Douglas Eddy, Sundar Krishnamurty, Ian Grosse, Jack Wileden, Kemper Lewis, “A Robust Surrogate Modeling Approach for Material Selection in Sustainable Design of Products“, ASME 2014 IDETC/CIE, DETC2014-34280.
Material selection significantly affects environmental impacts and other objectives of a product design. Life Cycle Assessment (LCA) methods are not efficient enough for use at the early design stages to prune the entire design space. Material properties consist of discrete data sets, thus posing a significant challenge in the construction of surrogate models for numerical optimization. In this work, we address the unique challenges of material selection in sustainable product design in some important ways. Salient features of the robust surrogate modeling approach include achieving manageable dimensionality of LCA with a minimal loss of the important information by the consolidation of significant factors into categorized groups, as well as subsequent efficiency enhancement by a streamlined process that avoids the construction of full LCA. This novel approach combines efficiency of use with a mathematically rigorous representation of any pertinent objectives across an entire design space. To this end, we introduce an adapted two stage sampling approach in surrogate model construction based on a feasible approximation of a Latin Hypercube design at the first stage. The development and implementation of the method are illustrated with the aid of an automotive disc brake design, and the results are discussed in the context of robust optimal material selection in early sustainable product design.

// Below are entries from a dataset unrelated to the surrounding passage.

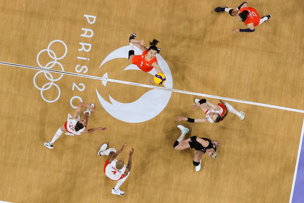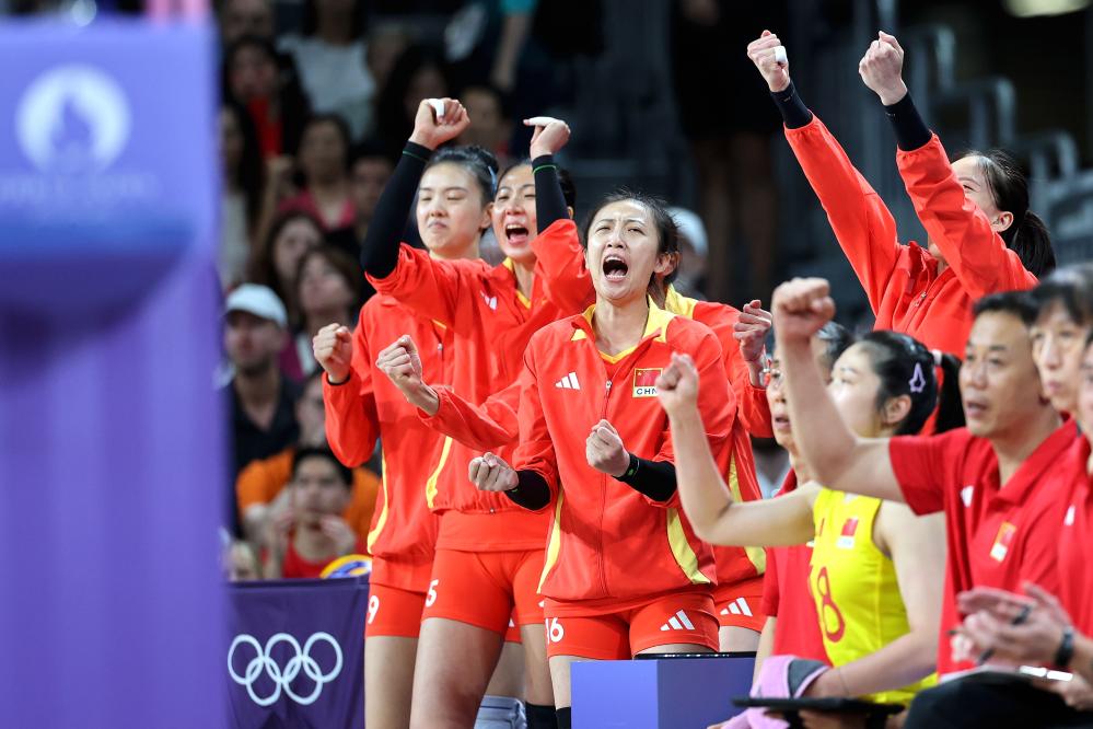 7月29日,中國(guó)女排在巴黎奧運(yùn)會(huì)女排小組賽對(duì)陣美國(guó)隊(duì)的比賽中。新華社記者 李鋼 攝
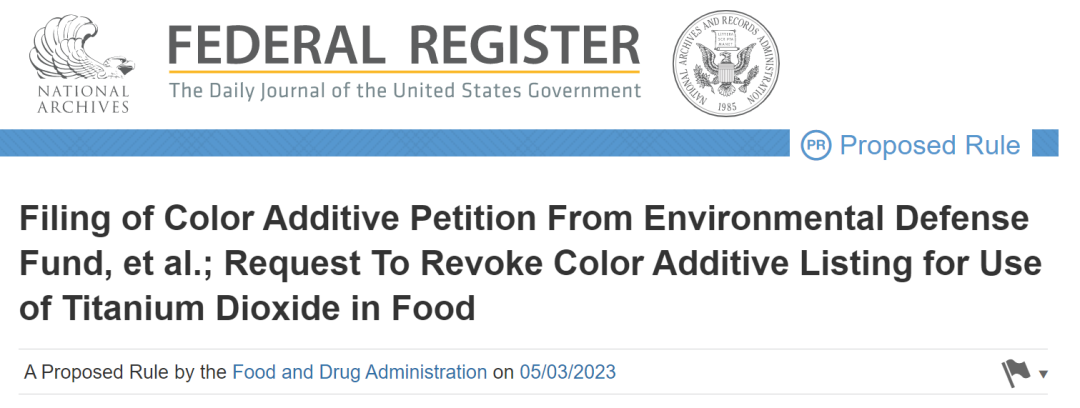 慧正资讯,5月3日,美国食品药品监督管理局(FDA)公布了一项由环境保护基金(EDF),环境卫生中心(CEH),食品安全中心(CFS),公共利益科学中心(CSPI)和环境工作组(EWG)提交的请愿书,提议废除允许在食品中使用二氧化钛(钛白粉)作为颜色添加剂的条款—— 21 CFR 73.575。
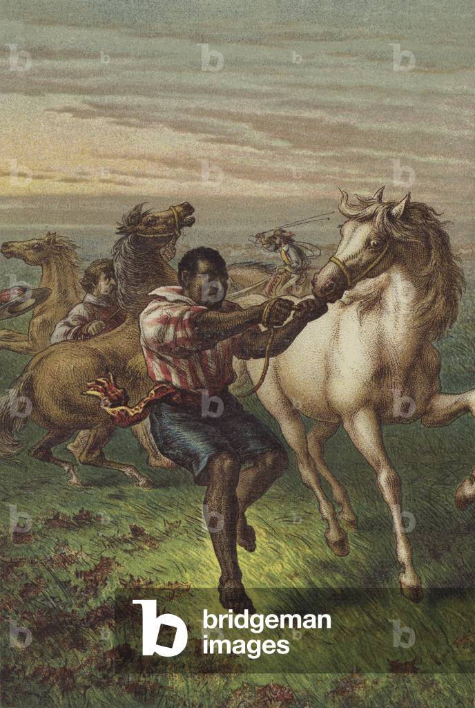 LLM2797664 Garibaldi's troopers breaking wild horses. Illustration for The Life and Times of Garibaldi (Walter Scott, 1881).
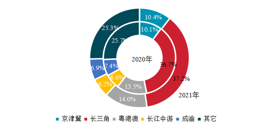 百强企业聚焦核心城市群,长三角、粤港澳、京津冀三大城市群销售贡献突出,合计占比超六成。50家百强代表企业销售结构中,五个主要城市群销售占比合计达74.7%,同比增长0.4个百分点。
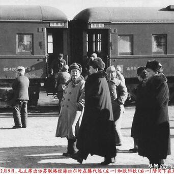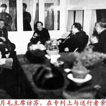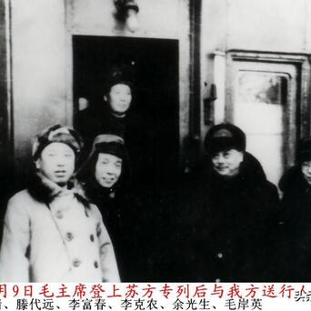 2、毛主席登上访苏专列,与我方送行人员合影。

Tom Hagedorn, Sundar Krishnamurty, Ian Grosse, Jack Wileden, “A Semantic Framework to Integrate Healthcare and Clinical Knowledge in Medical Device Innovation and Design”, ASME 2014 IDETC/CIE, DETC2014-35087.
There has been extensive research into how to effectively use semantic frameworks in engineering knowledge management and design in general, and specifically for the effective creation and documentation of functional basis models. In the specific realm of medical device design however, this process is complicated by a number of factors, including the complexity of the healthcare system and clinical knowledge, as well as a lack of domain specific expertise in the engineering field. Because of these challenges, effective transfer of information from medical domain experts to an engineering context and subsequent utilization of this information are essential to the success of a medical device innovation project. In this paper, we present a framework for directly integrating clinical knowledge relating to medical science and practice into the early phases of the engineering process to assist in medical device innovation and design. To accomplish this, existing medical and engineering ontologies were researched, obtained, and interlinked so as to explicitly tie functional models of medical device designs to the underlying medical clinical knowledge and procedures that define a product’s operational environment. The result is a framework that unifies the knowledge embodied in large medical ontologies with the functional basis ontology. This integration facilitates the effective preservation and use of medical knowledge in functional model creation and in the engineering design innovation process in general.